Потому мне и не хотелось по зонам ездить и этого самого “проводника” там искать. Но другого выхода не было.
Пересилив себя, я отправился в Управление лагерей, подумывая о том, как бы аккуратнее доложить начальству, что никого я не нашёл ни в зонах, ни вне их.

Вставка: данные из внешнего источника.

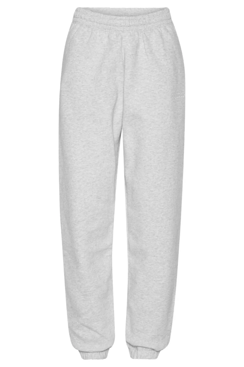 Grå sweatpants fra Rotate i økologisk bomuld. Bukserne har en regular fit med ribkanter ved anklerne og en justerbar talje med snøre og elastik.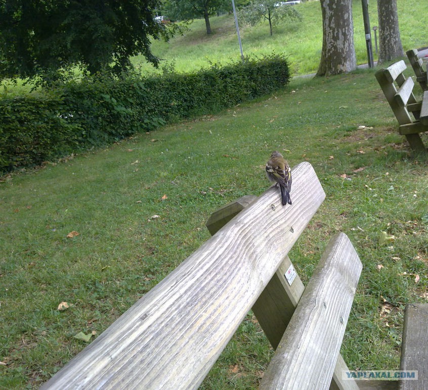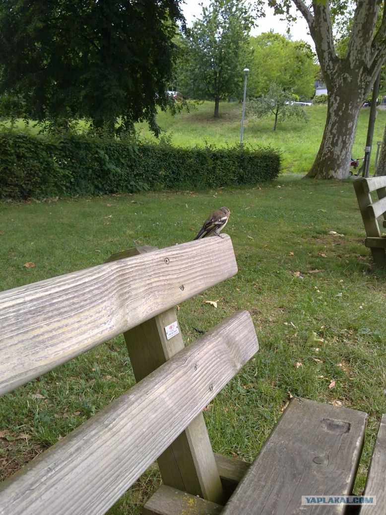 Ладно, хорош негатива. Поделюсь лучше сегодняшним. Благо что расписание иногда позволяет и среди недели уютно примостится в парке на скамейке с чтивом. И внезапно вот такой пернатый товарищ не только присоседился, а еще и остался на несколько минут. Я думал, они к людям не очень того?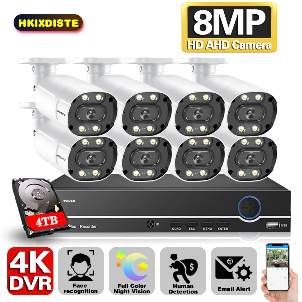 8MP ультра FHD система видеонаблюдения 8CH H.265 + DVR наружная 4K Камера Безопасности s система полноцветная Ночная CCTV Камера Наборы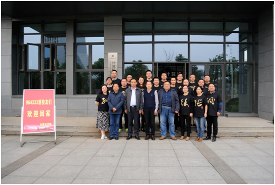 随后,在吴健康副书记的带领之下,校友们接着参观了如今崭新的计算机学院楼,与学院领导齐聚计算机学院328会议室,共话学院二十年的蓬勃发展。学院党委书记韩斌、院长高尚、党委副书记吴健康、关工委副主任刘镇出席了座谈会。韩书记致词表达学院对各位校友返校的热烈欢迎。高院长简要介绍学院的发展情况以及近几年取得的突出成绩。964333班的班主任吴小俊教授,现为江南大学科学研究院院长,也赶到现场,与在场校友们一同回忆了青葱岁月、少年意气,表示时隔二十年还能再次相聚母校实属不易,更关心他们如今的发展,继续像班主任一样地激励与“鞭策”。随后,刘镇教授是校友们当年的任课老师,也表达了自己以及学院对于各位校友的工作与生活的衷心祝愿。学院领导和老师表示会继续加强与校友们地密切联系,共同为计算机学院美好未来添砖加瓦。会议结束之后,学院领导和所有到来的校友在计算机学院楼前进行集体合照,每一个人脸上都洋溢着身为江科大人的骄傲和自豪。
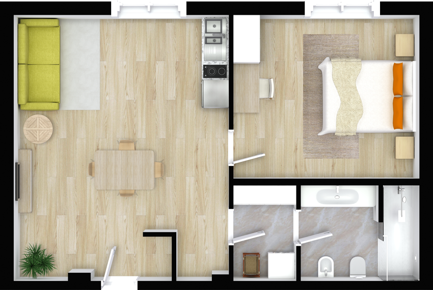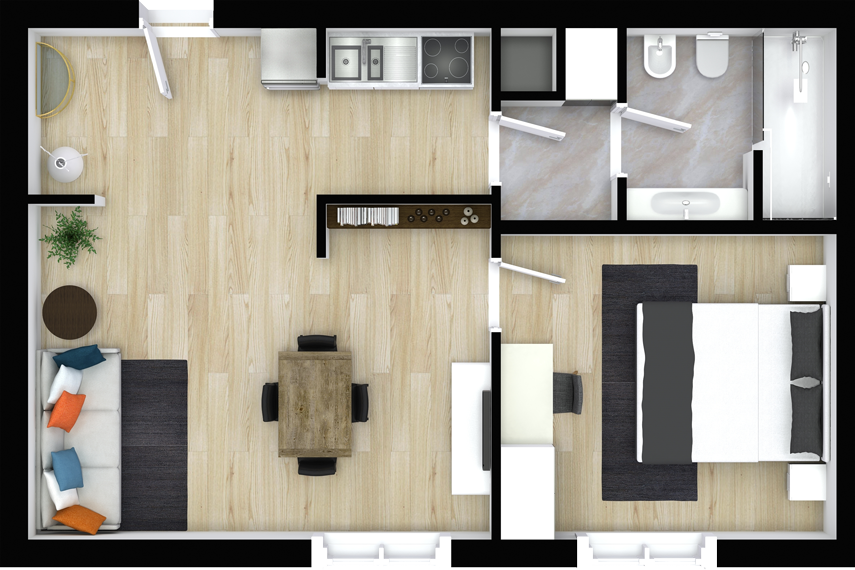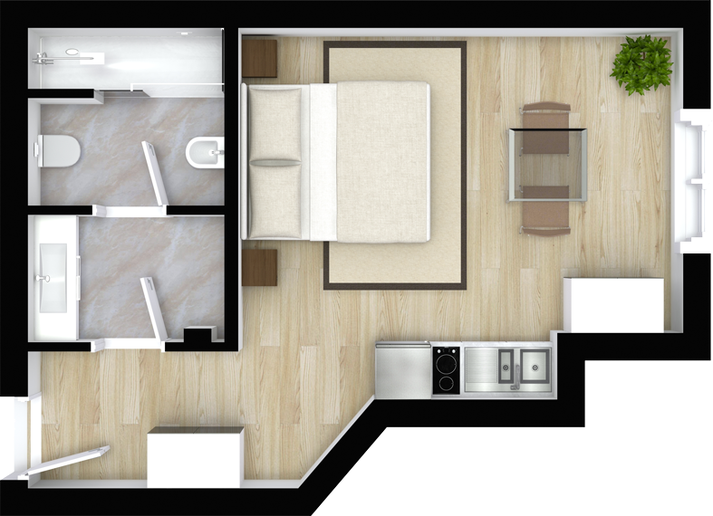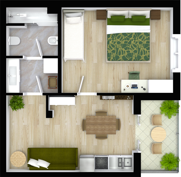 L’appartamento può ospitare 2 persone, è composto da sala con cucina e letto, antibagno, bagno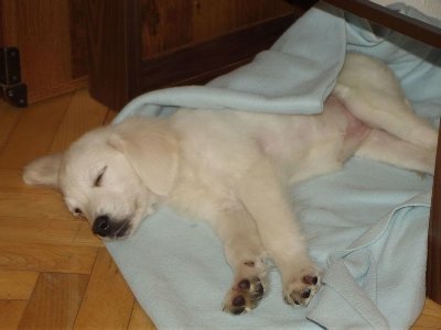 Jutro idziemy na drugie szczepienie i wizytę kontrolną, w tygodniu też byliśmy u weterynarza – bo odnowiło się zapalenie spojówek w lewym oku i w ogóle pies był osowiały. Okazało się, że to nic groźnego – po prostu hurtowo jej się wymieniają zęby i stąd ogólne obniżenie odporności. Po kilkunastu godzinach wszystko jej przeszło i w ramach rekonwalestencji „zjadła” nogę od stołka. Poza tym psiak jest w 100% zaaklimatyzowany, bawi się, dokazuje, rośnie jak na drożdżach, już w pełni zna swoje imię i zaczyna prosić o spacery. Próbuje tez przejąć kontrolę nad staruszką suką i nawet czasami jej się to udaje, gdyż w starszej koleżance chyba się obudziły instynkty macierzyńskie i pozwala Zunie spać na sobie, wyprowadza ja na spacer i nawet daje jeść ze swojej miski.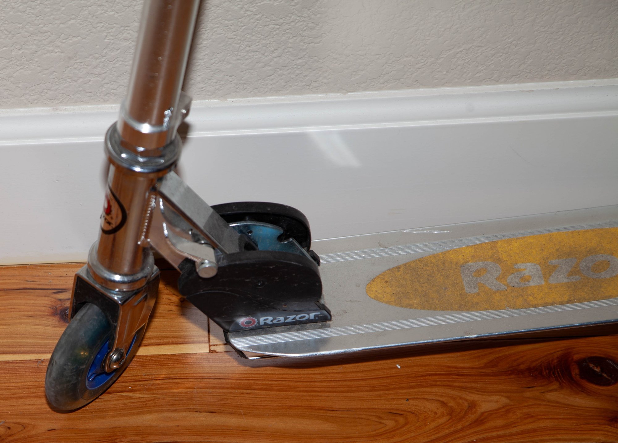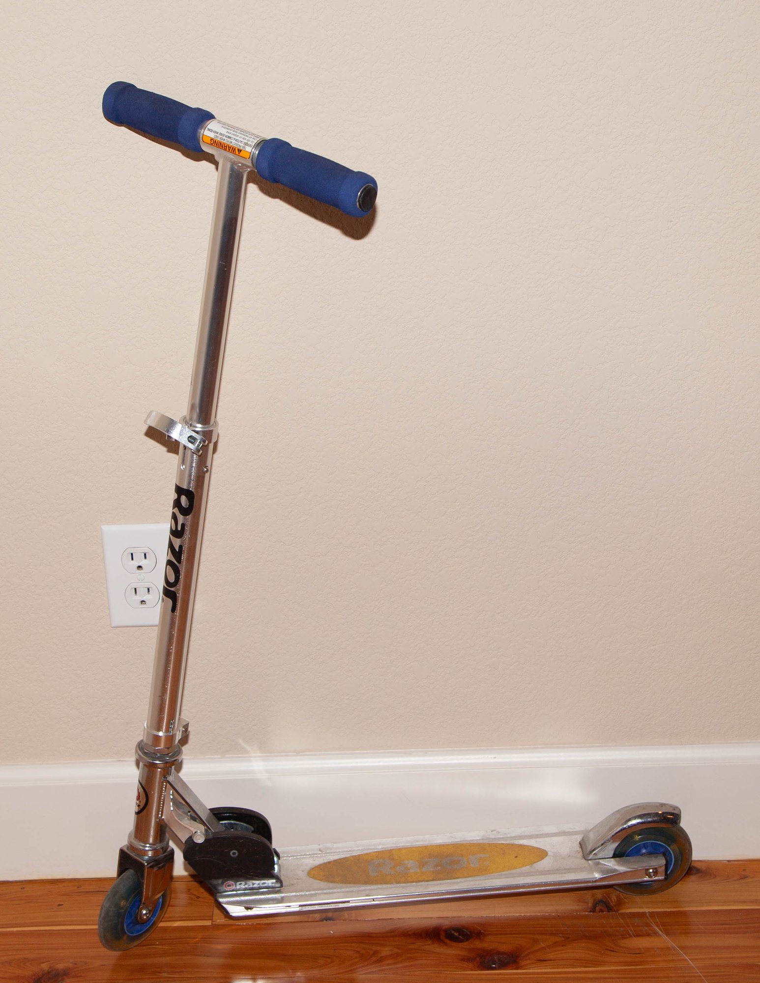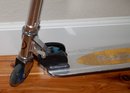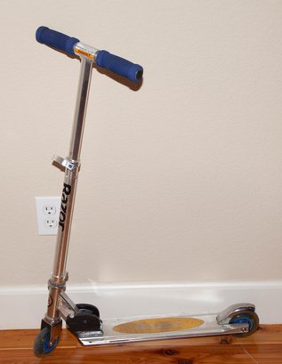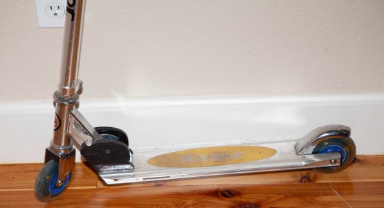 Razor kick scooter, featuring a lightweight aluminum frame and a patented folding mechanism.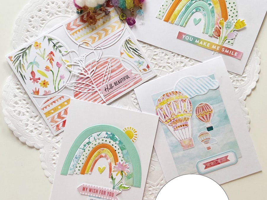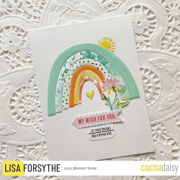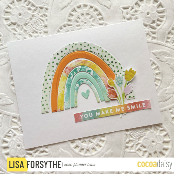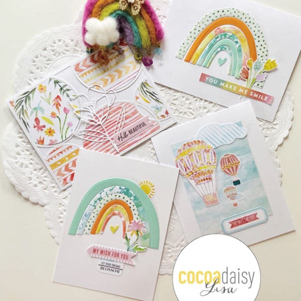 I love using dies and when I saw this rainbow die from The Stamp Market I knew it would be perfect to pair with my Cocoa Daisy papers from April to achieve these cute rainbow cards. I ended up making two of them with left over paper and I love the way they turned out!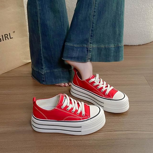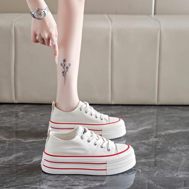增高顯腿長小白鞋女夏季帆布鞋透氣防臭輕量厚底運動鞋白色防滑寬楦休閒鞋久站不累腳耐磨慢跑鞋戶外健走鞋韓國百搭女鞋大尺碼鞋子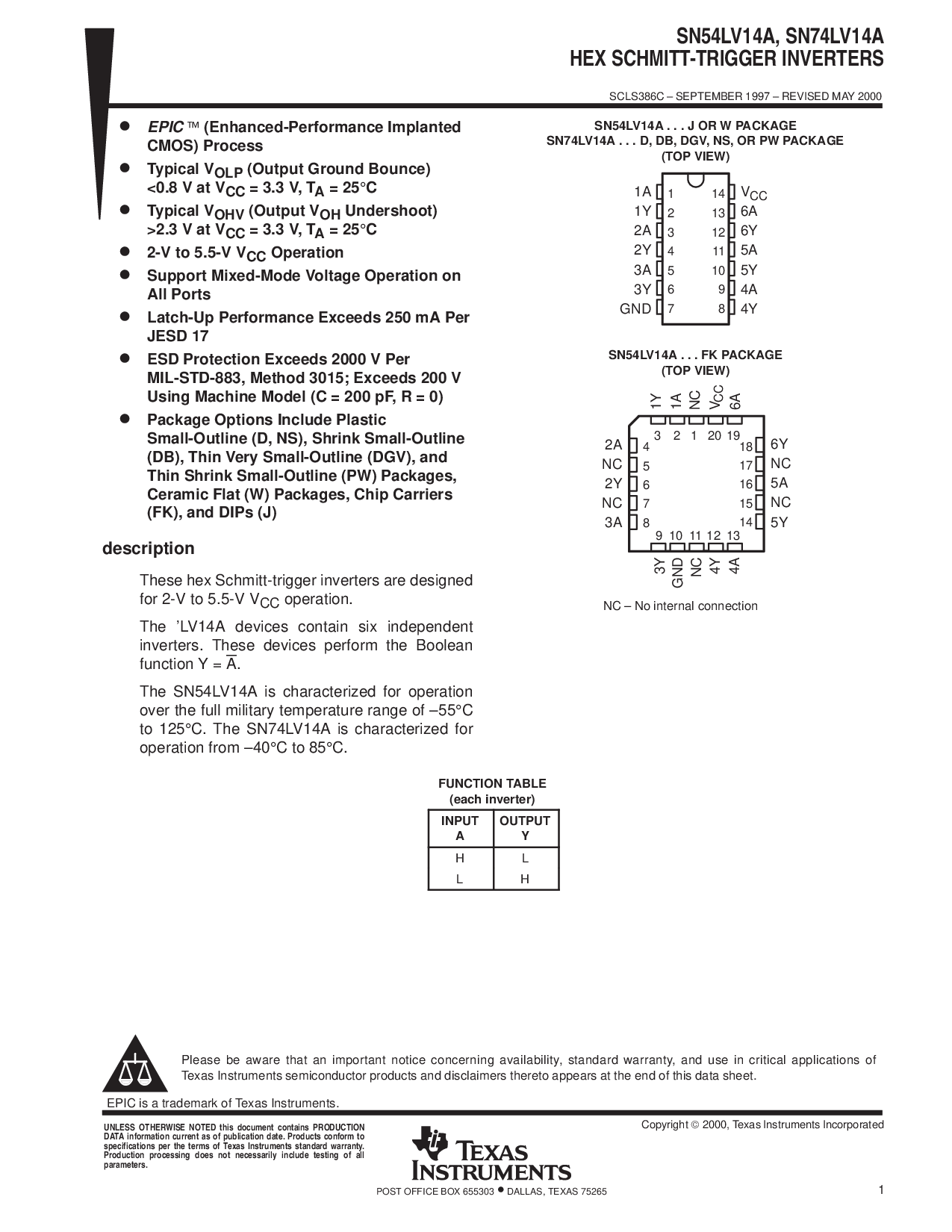 SN74LV14A . . . d, db, dgv, ns, 或 pw 包装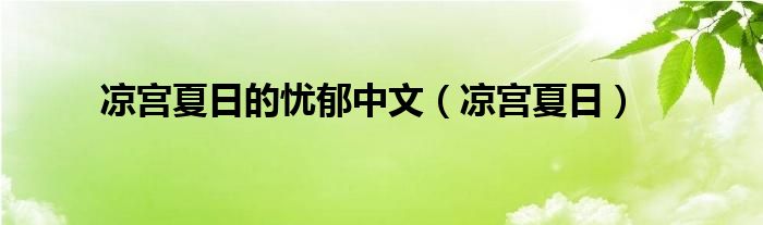 大家好,小问来为大家解答以上问题。凉宫夏日的忧郁中文,凉宫夏日这个很多人还不知道,现在让我们一起来看看吧!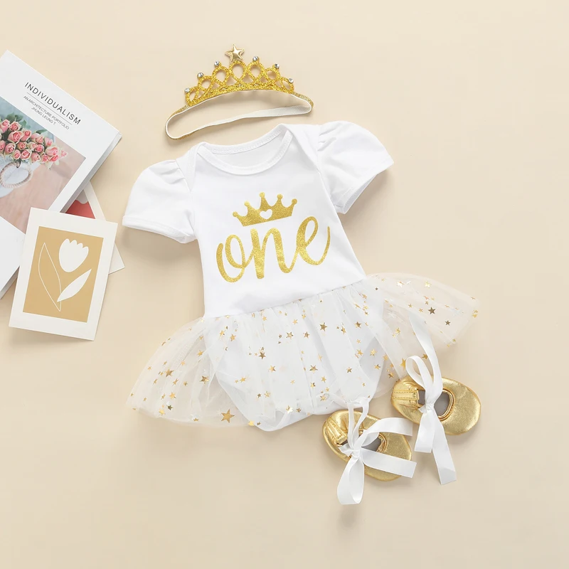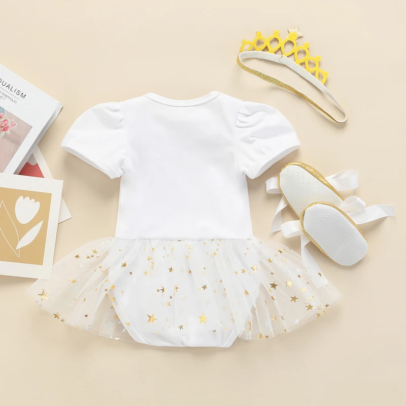 Комплект одежды FOCUSNORM для маленьких девочек 0-18 месяцев, сетчатый комбинезон с надписью, платье + повязка на голову с короной + Золотая обувь для дня рождения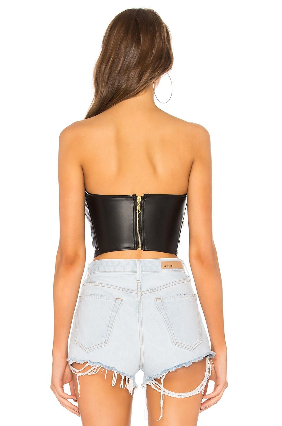 55% polyester, 45% polyurethane. Hand wash cold. Lightly padded cups. Gold tone zipper and button accents. Boned sides. Exposed back zipper closure. Made in China. Revolve Style No. BTWR-WS314. Manufacturer Style No. SDS2728 H23.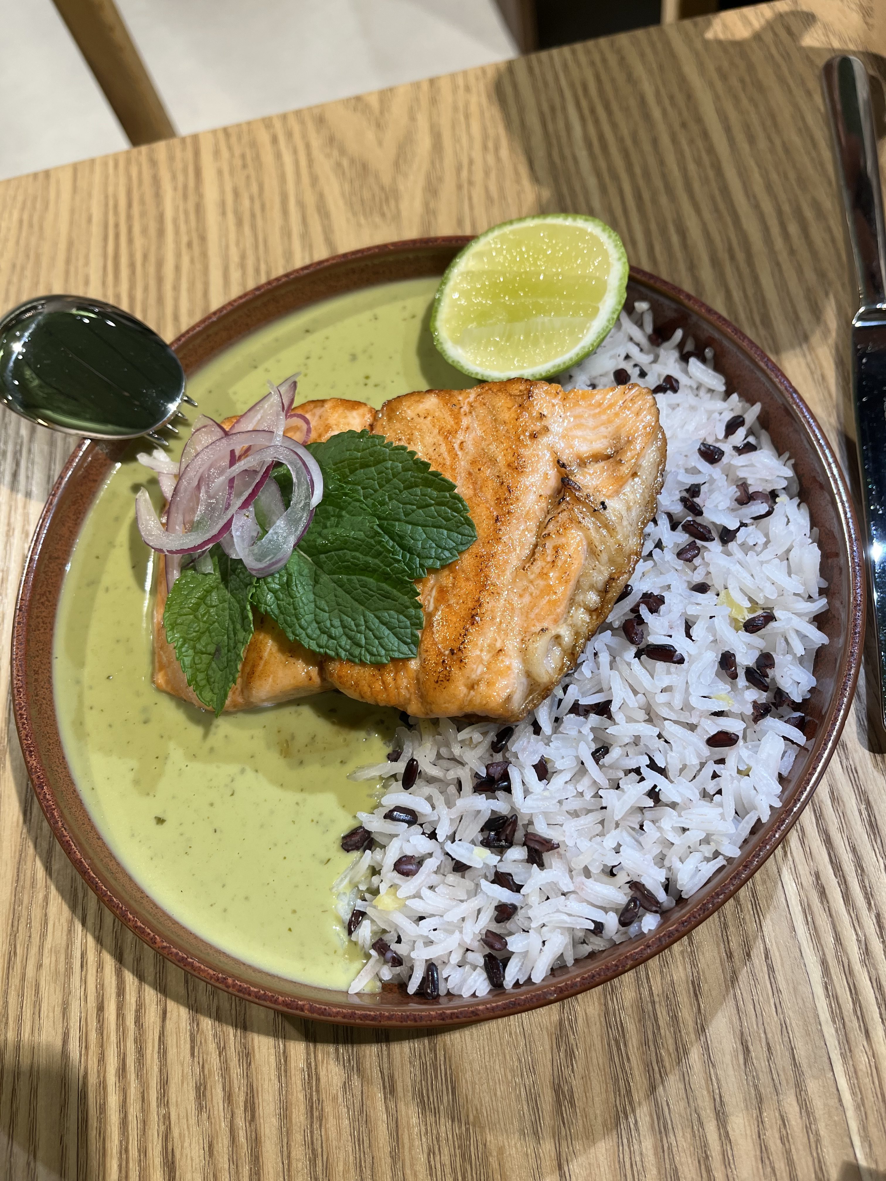 Por otro lado, sus croquetas puttanesca con bechamel, berenjena asada y toque de gilda madrileño. Su exquisito salmón al curry con arroz aromático que ya es uno de los favoritos. Y el labneh con tomates marinados: Yogur labneh combinado con tomates marinados en una vinagreta inspirada en el kimchi japonés, acompañado de pan de pita. Una fusión de sabores libaneses y toques orientales.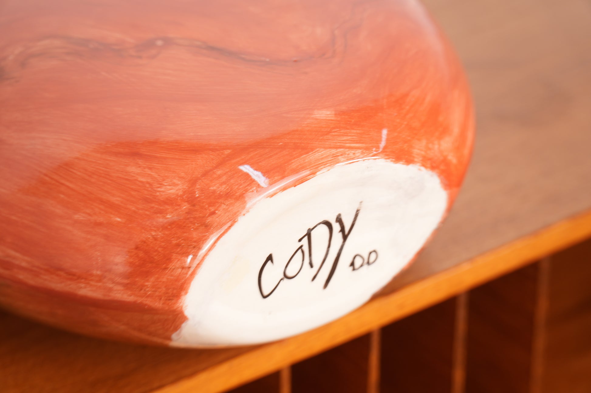 Colorful and whimsical, this ceramic hand-painted art vase by Terri Cody is signed by the artist and measures 10 1/2" H x 9 1/2" W x 4 1/2" W. It is in excellent condition with no chips, cracks, crazing or color loss. Please view all images for complete condition information and inquire with any questions.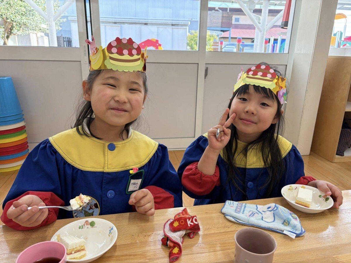お誕生日会に参加しました。今月は3人のお友だちが誕生日を迎えます。インタビューもしっかり応えられ会が終わった後、「楽しかったね!」とおしゃべり声が聞こえました。午後は園庭で遊びました。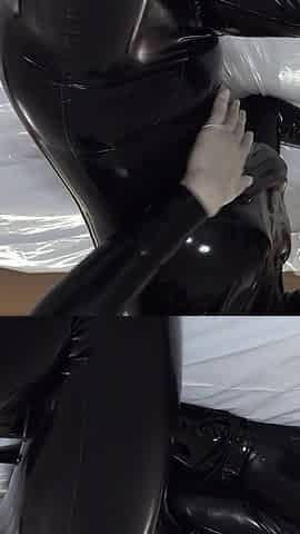 Selffuck in latex catsuit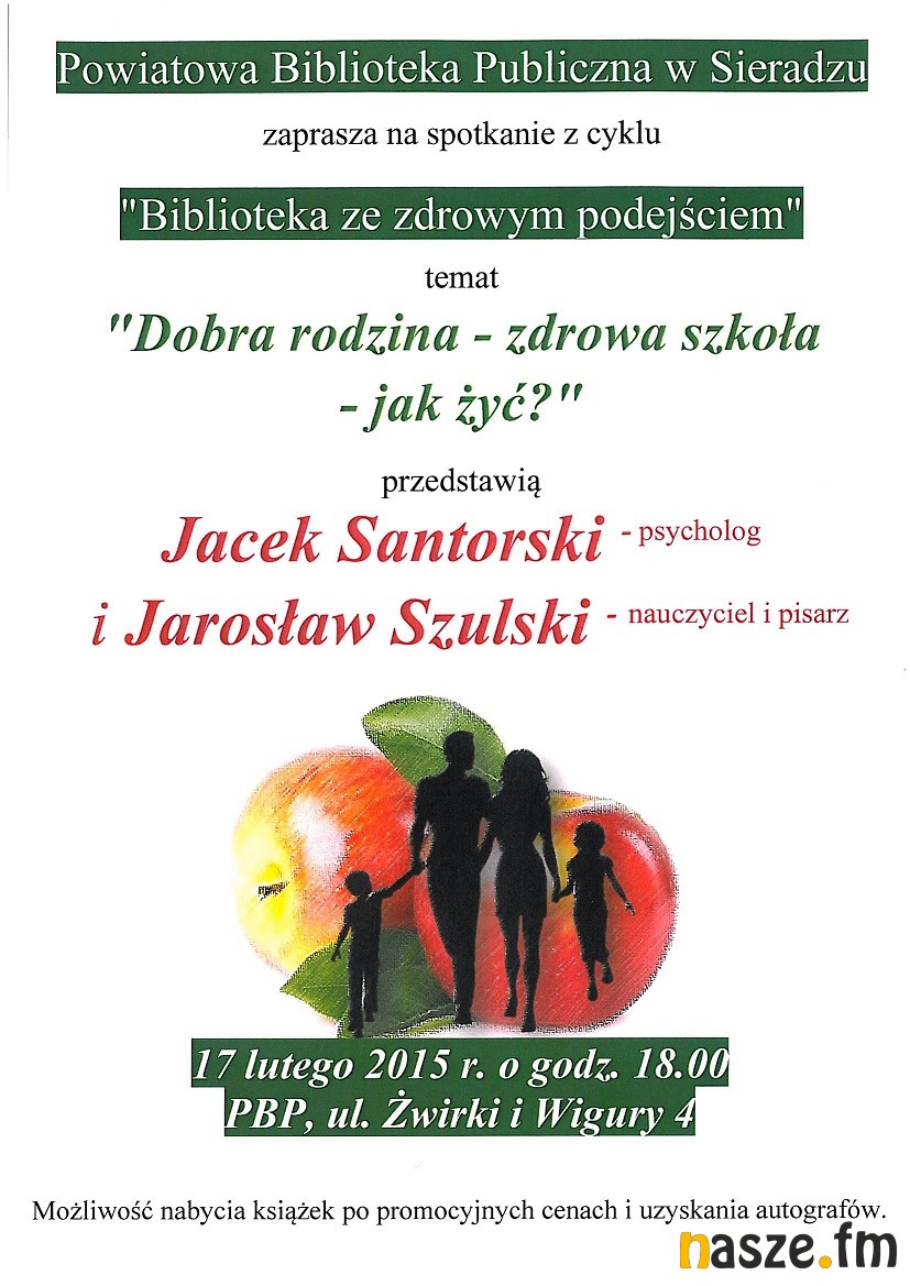 Te zagadnienia omówią podczas spotkania w PBP w Sieradzu Jacek Santorski - psycholog i Jarosław Szulski - nauczyciel i pisarz. Będzie to kolejne spotkanie w ramach cyklu "Biblioteka ze zdrowym podejściem", odbędzie się 17 lutego 2015 r. o godz. 18:00 w bibliotece przy ul. Żwirki i Wigury 4.

Но и тут у меня ничего не получилось. Едва выслушав мою сбивчивую просьбу, генерал Тюлькин, который ведал всей оперативной частью ГУЛАГа во всесоюзном масштабе, рассмеялся и сказал:
— Да у нас таких, Лукич, сколько хошь! Все зоны, считай, ими забиты. Их там промеж себя кличут “щекоточниками”. Ну, я тебе скажу — есть асы! Закачаешься!
Вот это был другой разговор, не то что в библиотеке или в институте. Без всяких там разных комплексов и зашкаливаний в разные стороны. Родная обстановка!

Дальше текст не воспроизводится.